The implementation handles this immediately with:

if not root:
    return []

This guarantees safe execution for empty inputs.

Single Node Tree

A tree containing only one node is the smallest valid non empty tree.

Some implementations accidentally skip processing because they rely too heavily on child existence checks.

Our solution correctly initializes the stack with the root node, processes it once, and returns the single value.

Highly Skewed Tree

A tree may resemble a linked list where every node has only one child.

For example:

1
 \
  2
   \
    3

This case is important because recursive solutions may risk deep recursion in larger problems. The iterative solution avoids recursion entirely and handles skewed trees naturally using the explicit stack.

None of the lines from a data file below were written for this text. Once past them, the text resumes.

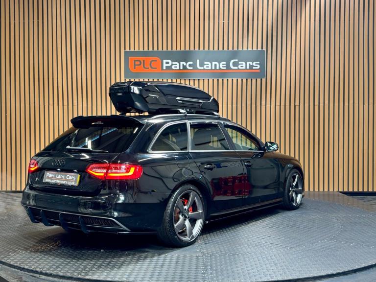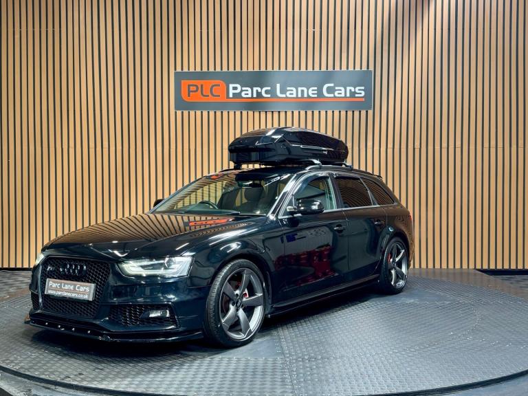 PARC LANE CARS OF GOSFORTH PRESENT THIS BEAUTIFUL AUDI A4 S LINE BLACK EDITION AVANT. FINISHED IN PHANTOM BLACK PEARL WITH STUNNING HALF VIENNA LEATHER/CLOTH INTERIOR TRIM! THIS A4 AVANT HAS COVERED ONLY 93000 MILES AND COMES WITH A COMPREHENSIVE SERVICE HISTORY. SERVICED AT THE FOLLOWING INTERVALS; 14592 MILES - 31/03/[Phone number removed] MILES - 22/09/[Phone number removed] MILES - 24/10/[Phone number removed] MILES - 05/11/[Phone number removed] MILES - 16/09/[Phone number removed] MILES - 16/06/[Phone number removed] MILES - 13/08/2024 - TIMING BELT SUPPLIED WITH 2 REMOTE KEYS AND FITTED WITH THE FOLLOWING FACTORY EXTRAS; ROOF BOX CARBON SPEC AERO KIT BLUETOOTH CRUISE CONTROL AND MUCH MUCH MORE.... THIS CAR IS SIMPLY STUNNING AND IS NOT TO BE MISSED!! FINANCE IS AVAILABLE AND PART EXCHANGE IS WELCOME REG NO. CP62OLO ** LISTED SPECIFICATION IS SHOWN AS ACCURATELY AS POSSIBLE. ERRORS MAY OCCUR. PLEASE ASK US TO CLARIFY IF YOU HAVE ANY QUERIES. ** Features Include: , 12v power socket - centre console, 12v power socket - luggage compartment, 6.5in display screen, ami - audi music interface, aux-in socket, bang and olufsen sound system, concert radio - mp3/cd player, dab digital radio, mobile telephone preparation - bluetooth interface, sound package, speakers x14, 19in alloy wheels - 5-arm rotor design titanium finish, acoustic windscreen, anti theft locking wheel bolts, black roof rails, black styling package, bumpers - front and rear - s line design, diffuser - platinum grey, door mirrors - electrically adjustable and heated, electric windows - front and rear, privacy glass, radiator grille - matt black, radiator grille frame - highly polished black, s line badges on wings, s line side skirts, side radiator grilles in black honeycomb structure, space saver spare wheel, spoiler - roof, styling package - s line exterior, abs - anti-lock braking system, airbags - driver, airbags - front passenger, airbags - front side, airbags - head system, alarm - thatcham category 1, esp - electronic stability programme, electromechanical parking brake, first aid kit, front passenger airbag deactivation switch, isofix child seat preparation front and rear, immobiliser, remote central locking, warning triangle, auto-dimming rear-view mirror, automatic wipers with rain sensor, car jack, climate control - electronic 3-zone, cloth headlining in black, door sill trims - s line, electrically adjustable 4-way lumbar support, front centre armrest, front sports seats, front and rear floor mats, gear knob -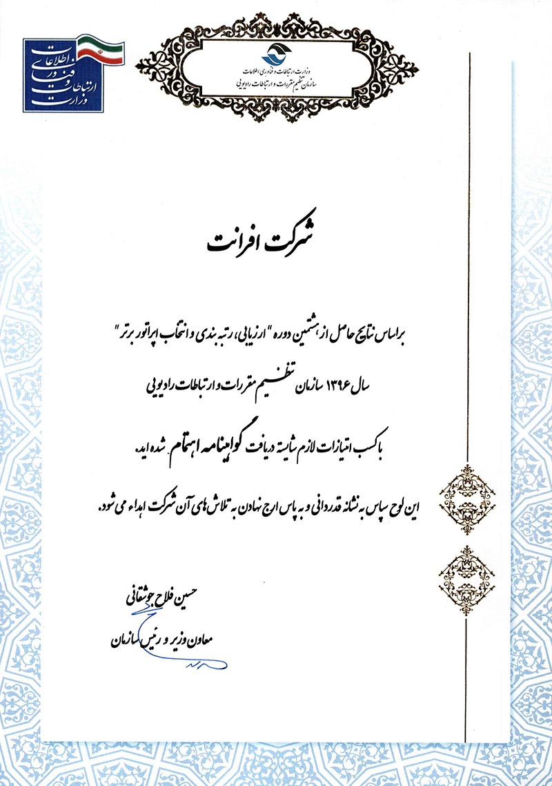 | 3 | انجمن حمایت از توسعه فضای آموزشی (حامی) | از 1400 تا کنون | پهنای باند 5mbps |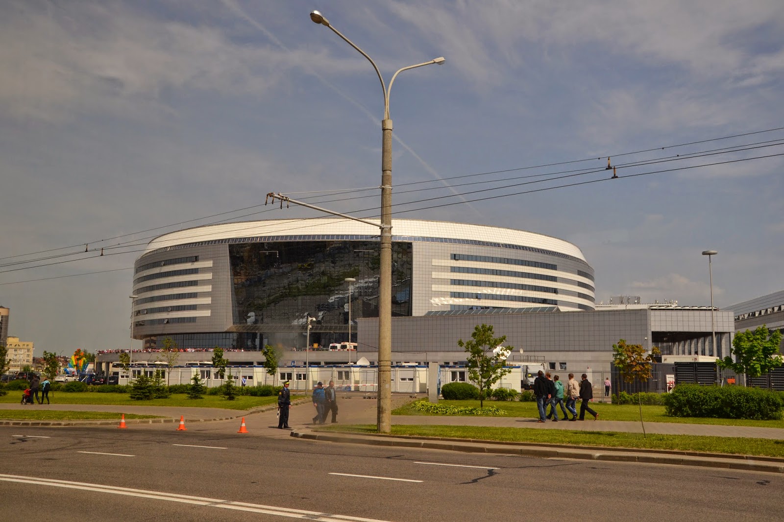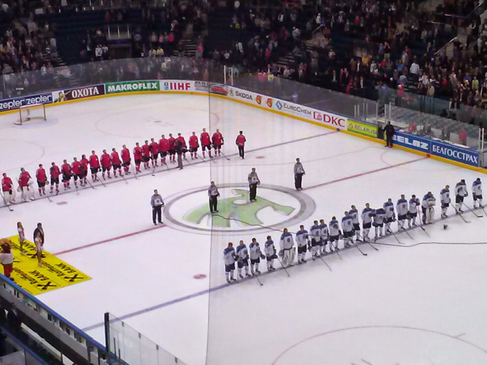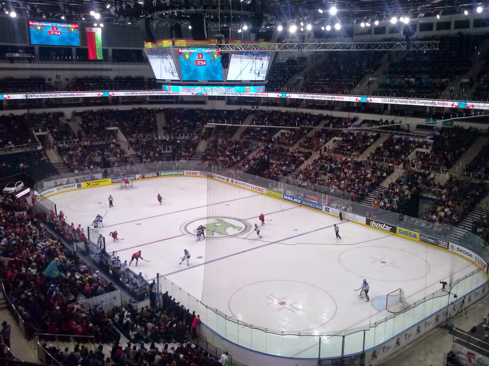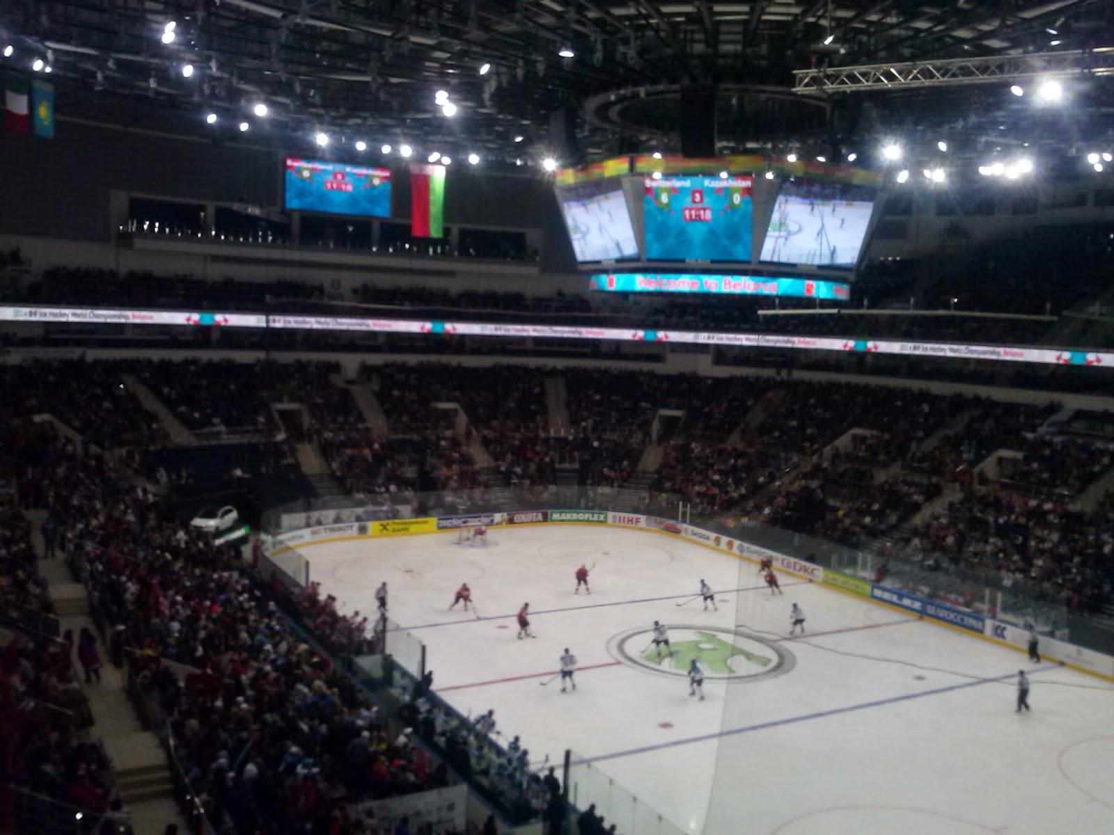 Wieczorem wybraliśmy się na główną arenę mistrzostw, czyli do Hali Mińsk (pojemność 15000), gdzie odbywał się mecz Szwajcaria – Kazachstan. Nowoczesna hala robiła naprawdę duże wrażenie, my kibicowaliśmy Kazachstanowi, bo jeszcze w Teheranie obiecaliśmy konsulowi tego kraju że na MŚ będziemy im kibicować, a że słowo droższe o pieniędzy to gardło z Dominikiem zdzieraliśmy. Niestety nasza drużyna przegrała 6 – 2. Po meczu wróciliśmy do hostelu na małą imprezę, a później mieliśmy ruszyć na juwenalia, niestety pogoda się bardzo zepsuła i zmuszeni byliśmy skończyć zabawę w hostelu. Może i lepiej bo na drugi dzień człowiek i tak wstał z bólem głowy.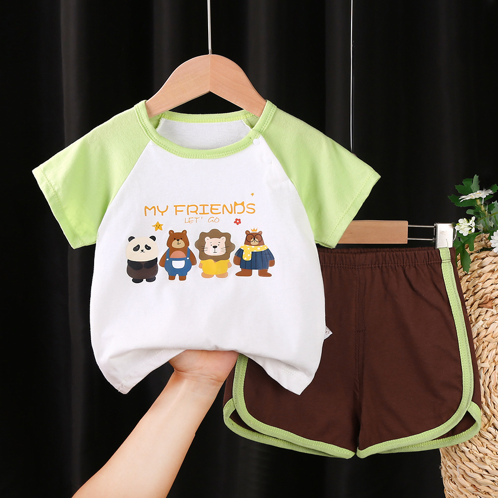 Детский комплект с короткими рукавами хлопчатобумажная летняя футболка для мальчиков две детские детские одежды Корейская версия детской одежды новый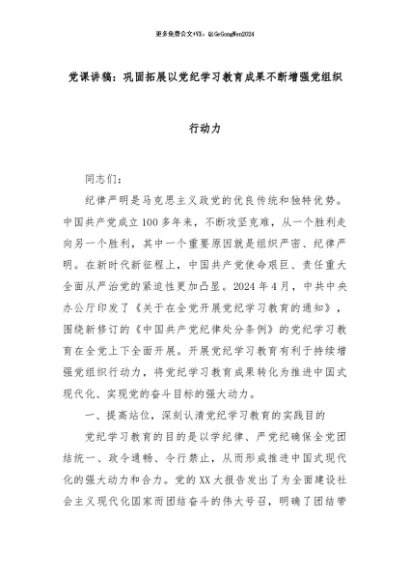 【七哥公文】2024年:党课讲稿:巩固拓展以党纪学习教育成果不断增强党组织行动力+更多免费公文+VX:QiGeGongWen2024
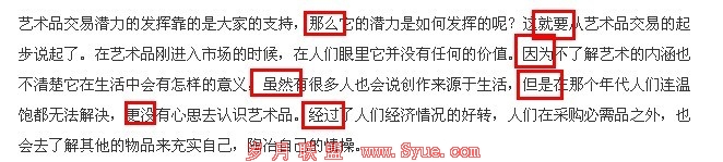 显然,该网站优化人员在优化“艺术品交易”这个词,但是这样的文章标题不可取,标题只有两个字的差别,相似度虽然高,但相似度太高会影响文章的收录。笔者再观看其文章内容,每一篇文章大概在四百字左右,而且里面堆满了“虽然”、“但是”、“因为”与“所以”等词汇。可以说该站是为更新而更新,文章质量低下。搜索引擎经过消噪处理后,改四百字的文章变成不足一百字干巴巴的文章,毫无价值。结合文章标题,文章内容,该站收录不理想,长尾词导流不多也在情理之中。
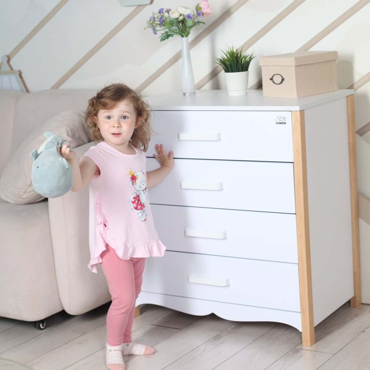 Следующим ключевым элементом в детской комнате, без сомнения, является комод. Он служит не только местом для хранения детской одежды, пеленок, распашонок и ползунков, но также облегчает процесс ухода за младенцем. Пеленальная поверхность может сниматься, и использоваться как обычный комод. Отличным вариантом для выбора будет Sweet Baby Giovanni.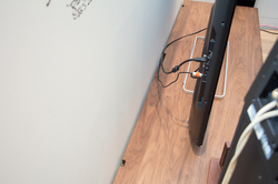 天板部は壁にぴったりと付けられるようになっていて、天板に置いたテレビやスピーカーをAVアンプに接続できるように、ケーブルを通す凹型の切り込みが付けられている。こうした仕様のおかげで、背面のケーブルは表に露出しない。

The traversal still correctly follows preorder order because nodes are always processed before their children.

Nodes With Missing Children

Many binary trees are sparse, meaning some nodes have only one child.

Incorrect implementations sometimes attempt to push None values onto the stack or recurse into missing children unnecessarily.

This implementation checks:

if node.right:

and

if node.left:

before pushing children onto the stack, ensuring only valid nodes are processed.